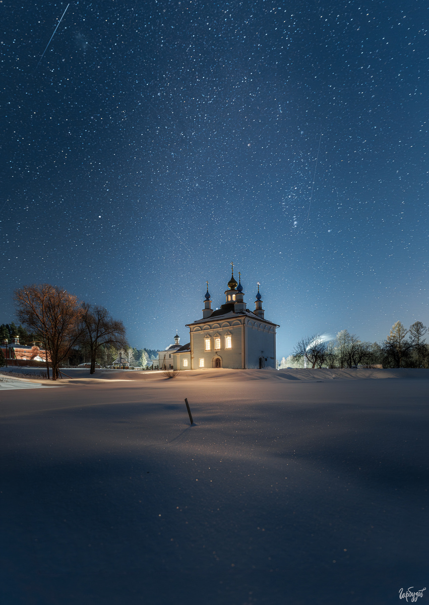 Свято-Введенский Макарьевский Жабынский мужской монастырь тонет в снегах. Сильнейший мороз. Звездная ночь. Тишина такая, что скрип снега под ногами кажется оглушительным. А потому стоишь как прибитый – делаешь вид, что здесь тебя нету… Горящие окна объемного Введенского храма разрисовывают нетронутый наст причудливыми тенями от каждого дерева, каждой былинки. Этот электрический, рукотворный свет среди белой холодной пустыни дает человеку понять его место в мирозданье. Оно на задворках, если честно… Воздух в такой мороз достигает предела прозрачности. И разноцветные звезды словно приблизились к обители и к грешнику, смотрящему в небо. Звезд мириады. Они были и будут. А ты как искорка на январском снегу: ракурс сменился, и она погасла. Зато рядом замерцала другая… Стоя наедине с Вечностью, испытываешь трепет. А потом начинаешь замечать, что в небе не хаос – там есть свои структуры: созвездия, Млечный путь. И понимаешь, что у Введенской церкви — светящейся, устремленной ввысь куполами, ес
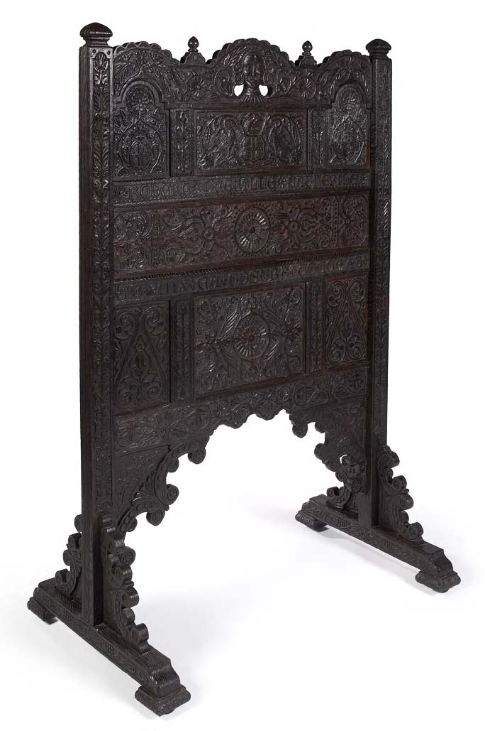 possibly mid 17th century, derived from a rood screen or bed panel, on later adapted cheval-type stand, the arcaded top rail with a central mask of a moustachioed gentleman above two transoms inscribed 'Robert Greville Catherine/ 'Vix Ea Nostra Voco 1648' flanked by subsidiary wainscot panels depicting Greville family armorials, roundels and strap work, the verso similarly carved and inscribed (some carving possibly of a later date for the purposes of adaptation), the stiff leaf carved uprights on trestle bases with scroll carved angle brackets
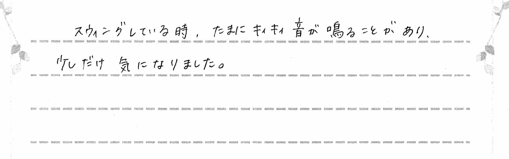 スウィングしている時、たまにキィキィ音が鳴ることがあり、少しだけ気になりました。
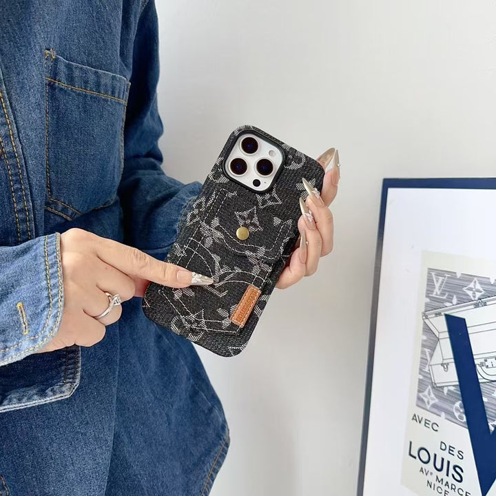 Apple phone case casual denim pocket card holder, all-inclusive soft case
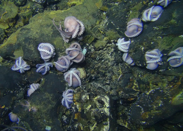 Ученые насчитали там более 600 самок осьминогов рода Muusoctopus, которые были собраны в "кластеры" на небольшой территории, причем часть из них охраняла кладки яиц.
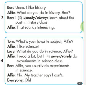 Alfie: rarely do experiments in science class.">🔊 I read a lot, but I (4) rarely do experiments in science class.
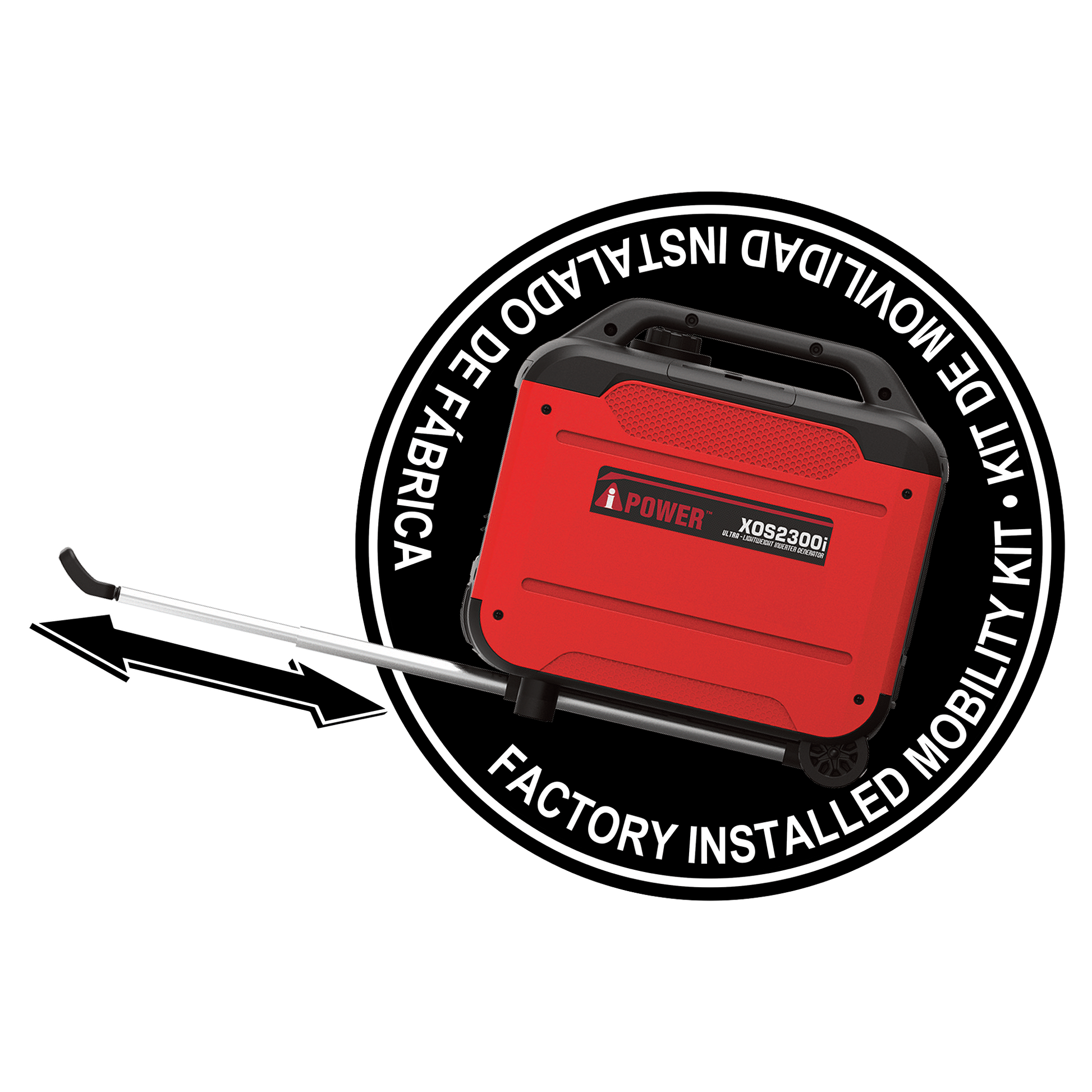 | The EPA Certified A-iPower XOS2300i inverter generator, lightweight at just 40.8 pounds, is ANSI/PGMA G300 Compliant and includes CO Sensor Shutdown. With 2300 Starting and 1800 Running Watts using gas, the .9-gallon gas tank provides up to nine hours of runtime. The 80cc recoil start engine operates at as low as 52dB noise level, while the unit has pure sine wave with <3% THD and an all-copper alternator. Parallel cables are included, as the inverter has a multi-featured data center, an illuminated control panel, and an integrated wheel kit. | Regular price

-.-.-

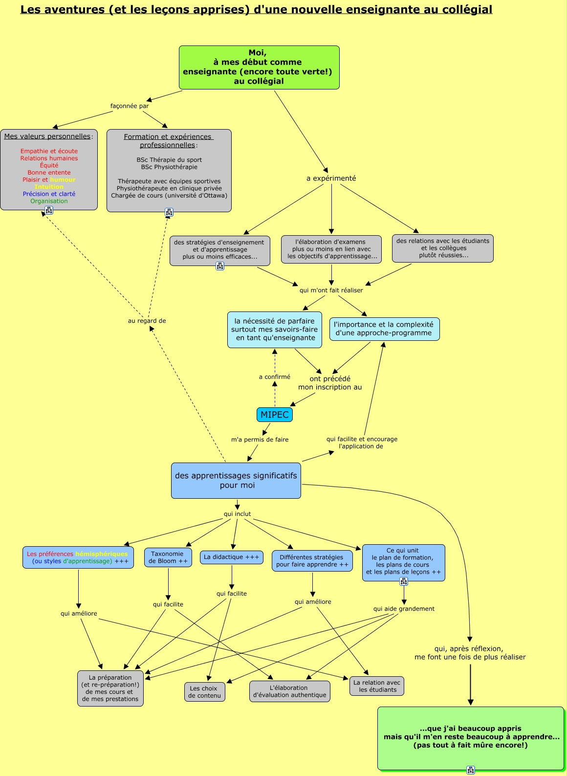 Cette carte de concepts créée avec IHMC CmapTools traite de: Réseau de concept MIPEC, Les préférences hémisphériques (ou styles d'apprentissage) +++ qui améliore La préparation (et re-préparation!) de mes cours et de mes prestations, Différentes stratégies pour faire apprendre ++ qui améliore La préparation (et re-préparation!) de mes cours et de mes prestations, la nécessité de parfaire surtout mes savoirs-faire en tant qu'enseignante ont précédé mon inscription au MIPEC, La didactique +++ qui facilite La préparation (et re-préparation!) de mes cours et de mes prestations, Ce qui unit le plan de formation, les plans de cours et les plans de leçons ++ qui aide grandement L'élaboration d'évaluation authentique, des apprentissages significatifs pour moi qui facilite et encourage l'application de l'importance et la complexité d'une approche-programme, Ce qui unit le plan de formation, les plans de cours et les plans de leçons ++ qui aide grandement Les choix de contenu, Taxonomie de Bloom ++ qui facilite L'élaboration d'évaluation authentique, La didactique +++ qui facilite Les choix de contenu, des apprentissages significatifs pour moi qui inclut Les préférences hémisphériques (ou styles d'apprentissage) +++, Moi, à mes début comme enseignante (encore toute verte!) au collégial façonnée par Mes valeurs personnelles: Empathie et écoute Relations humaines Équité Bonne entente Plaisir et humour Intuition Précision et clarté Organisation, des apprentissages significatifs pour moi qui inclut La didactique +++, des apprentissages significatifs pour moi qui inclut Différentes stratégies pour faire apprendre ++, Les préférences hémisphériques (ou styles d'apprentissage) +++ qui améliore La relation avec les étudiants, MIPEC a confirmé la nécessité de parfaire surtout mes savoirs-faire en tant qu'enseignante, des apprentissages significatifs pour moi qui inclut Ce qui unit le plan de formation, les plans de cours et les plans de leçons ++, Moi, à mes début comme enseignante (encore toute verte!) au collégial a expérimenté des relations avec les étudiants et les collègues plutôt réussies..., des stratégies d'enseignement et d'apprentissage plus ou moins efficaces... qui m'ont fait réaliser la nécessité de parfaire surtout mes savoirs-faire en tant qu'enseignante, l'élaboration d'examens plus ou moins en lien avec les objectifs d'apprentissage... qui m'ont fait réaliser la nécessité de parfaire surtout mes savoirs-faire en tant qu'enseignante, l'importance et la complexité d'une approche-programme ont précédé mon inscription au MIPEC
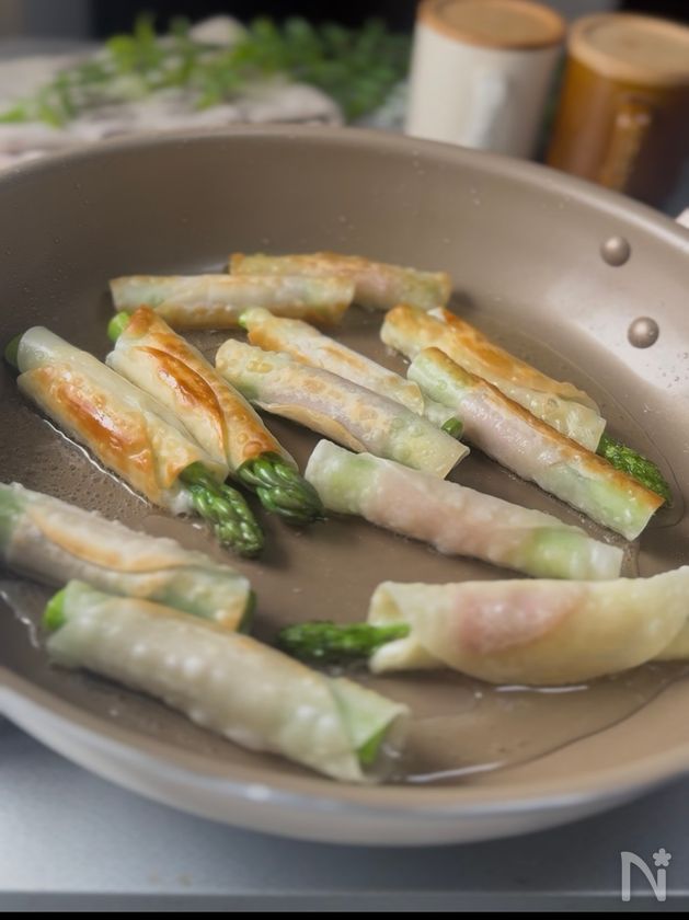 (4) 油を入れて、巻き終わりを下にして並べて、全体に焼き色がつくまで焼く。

-.-.-

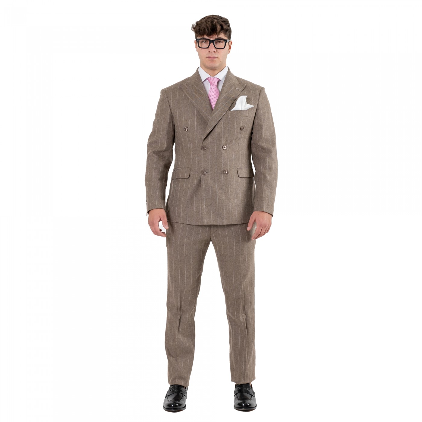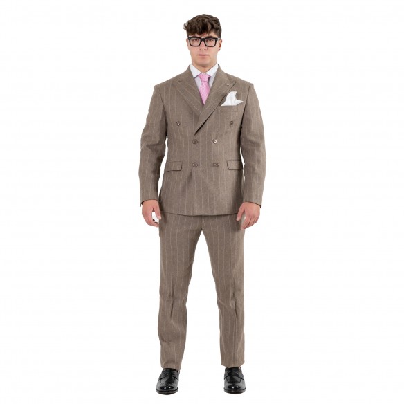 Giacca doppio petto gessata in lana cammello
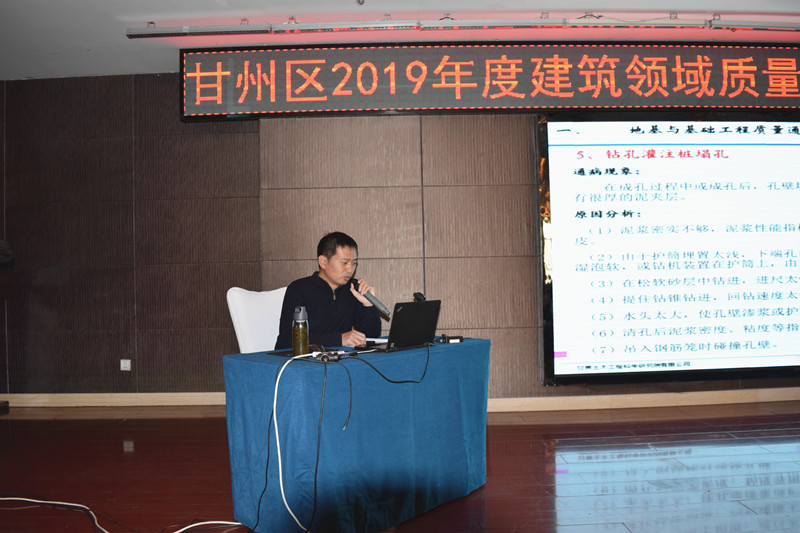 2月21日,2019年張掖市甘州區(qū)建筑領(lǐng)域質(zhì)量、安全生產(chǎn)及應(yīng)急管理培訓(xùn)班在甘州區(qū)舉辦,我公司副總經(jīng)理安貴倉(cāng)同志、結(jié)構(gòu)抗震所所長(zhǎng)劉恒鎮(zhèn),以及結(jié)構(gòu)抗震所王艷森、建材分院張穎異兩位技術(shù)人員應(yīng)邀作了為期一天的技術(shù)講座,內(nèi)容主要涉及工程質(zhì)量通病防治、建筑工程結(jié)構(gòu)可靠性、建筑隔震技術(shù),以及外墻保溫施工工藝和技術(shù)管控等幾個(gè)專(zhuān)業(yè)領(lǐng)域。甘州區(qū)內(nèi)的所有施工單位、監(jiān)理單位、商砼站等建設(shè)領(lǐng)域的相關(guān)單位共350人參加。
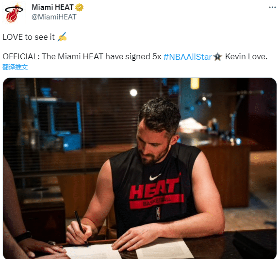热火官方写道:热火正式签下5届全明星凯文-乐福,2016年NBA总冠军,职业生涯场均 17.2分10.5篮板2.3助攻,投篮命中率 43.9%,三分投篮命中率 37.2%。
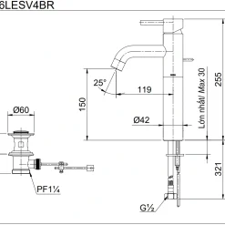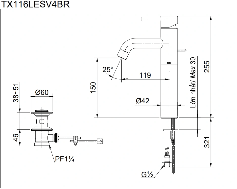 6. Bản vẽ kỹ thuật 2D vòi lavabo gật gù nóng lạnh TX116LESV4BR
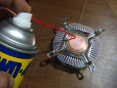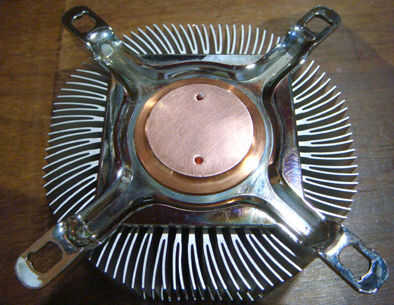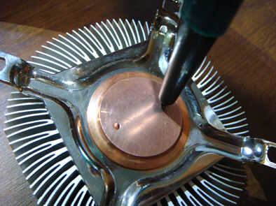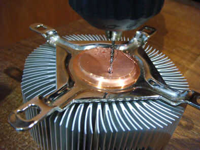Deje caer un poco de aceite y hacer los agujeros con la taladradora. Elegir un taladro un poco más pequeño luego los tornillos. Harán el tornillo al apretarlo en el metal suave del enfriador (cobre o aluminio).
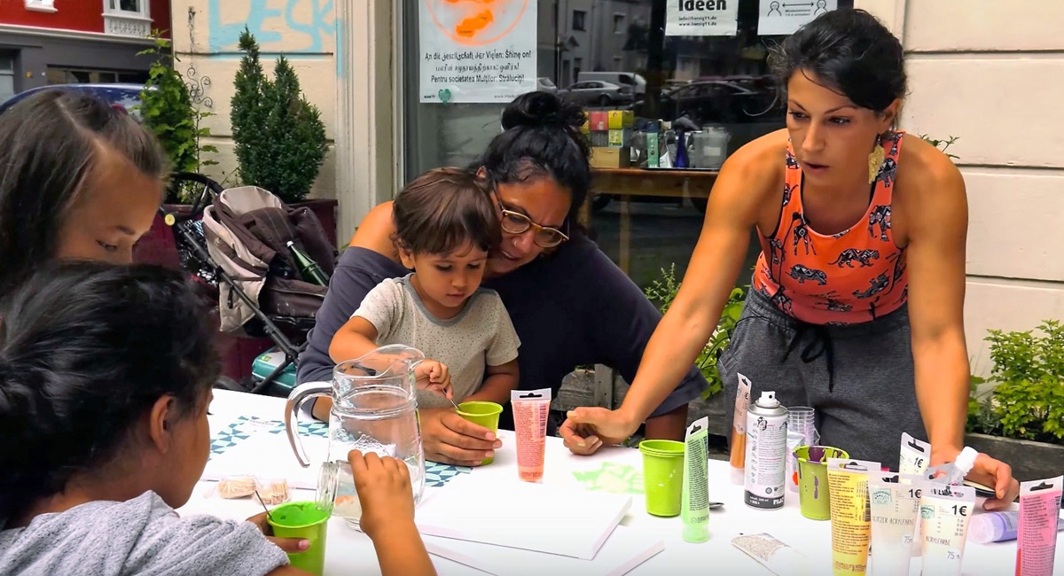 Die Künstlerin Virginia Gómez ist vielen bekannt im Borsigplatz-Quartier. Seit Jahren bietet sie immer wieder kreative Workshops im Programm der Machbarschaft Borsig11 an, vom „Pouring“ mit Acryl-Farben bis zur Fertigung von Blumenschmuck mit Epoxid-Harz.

-.-.-

*What to do:* The copy should hold only the lines from the one with "17.2分10.5篮板2.3助攻,投篮命中率 43.9%,三分投篮命中率 37.2%。" through the one with "6. Bản vẽ kỹ", exactly as they stand above. Leave out the pictures.

*Result of this exercise:*
热火官方写道:热火正式签下5届全明星凯文-乐福,2016年NBA总冠军,职业生涯场均 17.2分10.5篮板2.3助攻,投篮命中率 43.9%,三分投篮命中率 37.2%。
 6. Bản vẽ kỹ thuật 2D vòi lavabo gật gù nóng lạnh TX116LESV4BR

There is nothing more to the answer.